## [Problem description]
Take the lines in the listing below from the line with "AU­TO­BU­SIU­KAS: Nau­ją­jį au­to­bu­siu­ką" up to and including the line with "이 기능은 세부사항 창의" and set them down exactly, skipping pictures and adding nothing.

## [Dataset]
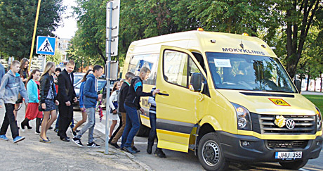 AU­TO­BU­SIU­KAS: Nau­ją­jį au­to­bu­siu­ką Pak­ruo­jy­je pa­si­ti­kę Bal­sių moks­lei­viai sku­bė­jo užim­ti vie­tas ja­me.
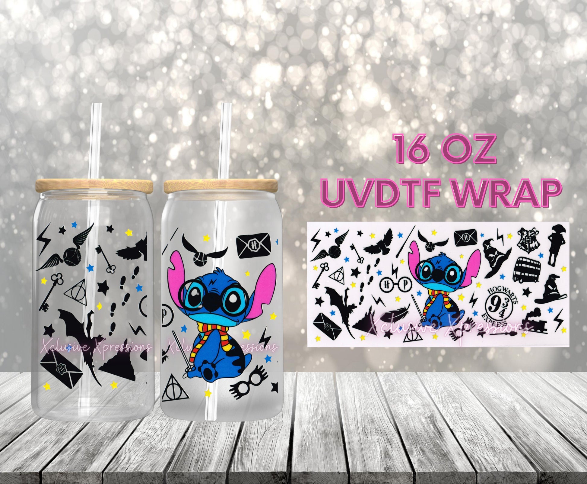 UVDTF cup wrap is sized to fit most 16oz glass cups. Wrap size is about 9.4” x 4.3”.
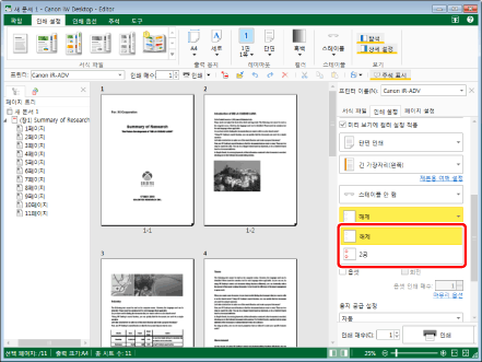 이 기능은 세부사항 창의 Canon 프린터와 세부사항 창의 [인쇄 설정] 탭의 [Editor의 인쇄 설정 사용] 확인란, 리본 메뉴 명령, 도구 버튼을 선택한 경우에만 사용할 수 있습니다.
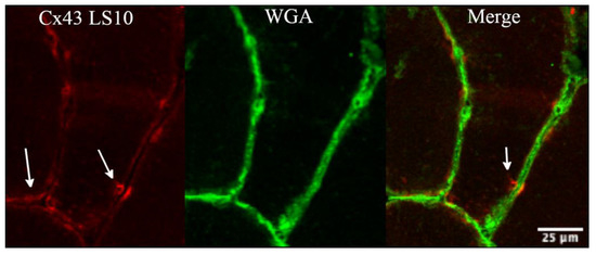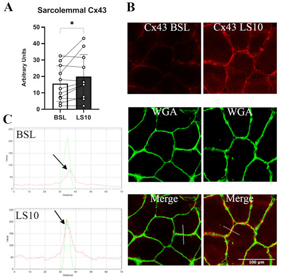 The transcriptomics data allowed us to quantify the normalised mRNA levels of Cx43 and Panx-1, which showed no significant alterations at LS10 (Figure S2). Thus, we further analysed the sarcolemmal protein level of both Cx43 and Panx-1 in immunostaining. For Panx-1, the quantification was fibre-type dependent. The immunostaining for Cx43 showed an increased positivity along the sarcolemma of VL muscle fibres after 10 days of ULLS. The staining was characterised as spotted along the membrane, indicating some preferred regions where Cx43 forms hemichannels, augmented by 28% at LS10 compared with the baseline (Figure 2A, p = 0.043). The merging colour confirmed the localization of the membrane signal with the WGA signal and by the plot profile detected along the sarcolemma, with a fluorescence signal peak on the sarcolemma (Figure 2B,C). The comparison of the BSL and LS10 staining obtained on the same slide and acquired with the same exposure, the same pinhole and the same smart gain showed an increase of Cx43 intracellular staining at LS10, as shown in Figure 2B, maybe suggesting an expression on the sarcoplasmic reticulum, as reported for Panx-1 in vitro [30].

--

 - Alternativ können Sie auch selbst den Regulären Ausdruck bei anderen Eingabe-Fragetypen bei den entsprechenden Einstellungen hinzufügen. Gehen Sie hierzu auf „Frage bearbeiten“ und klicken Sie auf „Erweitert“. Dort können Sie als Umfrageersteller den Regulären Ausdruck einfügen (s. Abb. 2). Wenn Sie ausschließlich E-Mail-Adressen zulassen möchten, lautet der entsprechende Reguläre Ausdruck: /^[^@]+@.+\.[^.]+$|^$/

## [Exercise output]
 AU­TO­BU­SIU­KAS: Nau­ją­jį au­to­bu­siu­ką Pak­ruo­jy­je pa­si­ti­kę Bal­sių moks­lei­viai sku­bė­jo užim­ti vie­tas ja­me.
 UVDTF cup wrap is sized to fit most 16oz glass cups. Wrap size is about 9.4” x 4.3”.
 이 기능은 세부사항 창의 Canon 프린터와 세부사항 창의 [인쇄 설정] 탭의 [Editor의 인쇄 설정 사용] 확인란, 리본 메뉴 명령, 도구 버튼을 선택한 경우에만 사용할 수 있습니다.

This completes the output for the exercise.